Scientists have created the world’s first working nanoscale electromotor, according to research published in the journal Nature Nanotechnology. The science team designed a turbine engineered from DNA that is powered by hydrodynamic flow inside a nanopore, a nanometer-sized hole in a membrane of solid-state silicon nitride.

The tiny motor could help spark research into future applications such as building molecular factories for useful chemicals or medical probes of molecules inside the bloodstream to detect diseases such as cancer.

“Common macroscopic machines become inefficient at the nanoscale,” said study co-author professor Aleksei Aksimentiev, a professor of physics at the University of Illinois at Urbana-Champagne. “We have to develop new principles and physical mechanisms to realize electromotors at the very, very small scales.”

The experimental work on the tiny motor was conducted by Cees Dekker of the Delft University of Technology and Hendrik Dietz of the Technical University of Munich.

Dietz is a world expert in DNA origami.

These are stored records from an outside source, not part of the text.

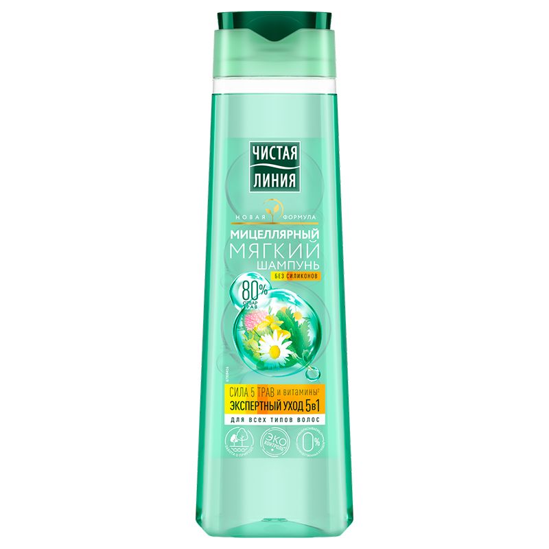 Шампунь Чистая линия Мицеллярный для всех типов волос «Экспертный уход 5в1 Сила 5 трав» не раздражает чувствительную кожу головы, сохраняет ее гидролипидный баланс и не пересушивает волосы даже при ежедневном мытье. Мицеллярная основа шампуня Чистая Линия бережно очищает и увлажняет волосы и кожу головы.
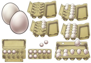 Die 6er-Eierkartons und 10er-Eierkartons enthalten zusammen knapp 80 Cliparts. Alle Eierkartons gibt es in vier Perspektiven:
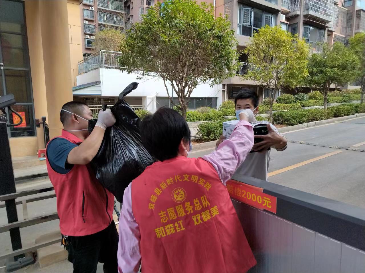 示范带动以文塑行。在全县范围内持续打造和森路上“和森红”品牌,传承红色基因,赓续红色血脉,把和森精神融入志愿服务。印发《双峰县“和森红”志愿服务积分制管理实施办法(试行)》,完善了“和森红”志愿者奖励机制,并在“志愿娄底”小程序上对志愿者进行积分管理,形成人人参与、人人争当志愿者的良好氛围。在全县范围内广泛征集创建全国文明城市的意见建议,开展创建全国文明城市(县级)主题歌曲和“和森红”志愿服务者主题歌曲征集,开展创建文明城市摄影比赛,提升群众参与度。全县建立了311支“和森红”志愿服务队伍,共10.6万余名志愿服务者。建立环保、消防应急、安全生产、文明劝导等多种专业志愿者队伍,志愿者服务队主要由小区党员、县直和街道在职党员干部、离退休党员干部、村(社区)两委干部、各类志愿者组成,为小区居民提供政策宣讲、疫情防控、法律援助、平安建设、扶贫帮困、环境整治、应急管理等服务,扎扎实实为群众做好事、办实事、解难事,为推动小区精细化管理起到了不容小觑的作用。如中央华府在今年7月22日-23日两天期间,组织小区志愿者对小区进行了一次彻底的环境卫生整治活动,共清理了60余车垃圾和10多处小区藤蔓、枯枝败叶160余袋。

His lab manipulated DNA molecules to make the tiny motor’s turbine, which consisted of 30 double-stranded DNA helices engineered into an axle and three blades of about 72 base pair length. Decker’s lab work demonstrated that the turbine can indeed rotate by applying an electric field. Aksimentiev’s lab carried out all-atom molecular dynamics simulations on a system of five million atoms to characterize the physical phenomena of how the motor works.

The system was the smallest representation that could yield meaningful results about the experiment; however, “it was one of the largest ever simulated from the DNA origami perspective,” Aksimentiev said.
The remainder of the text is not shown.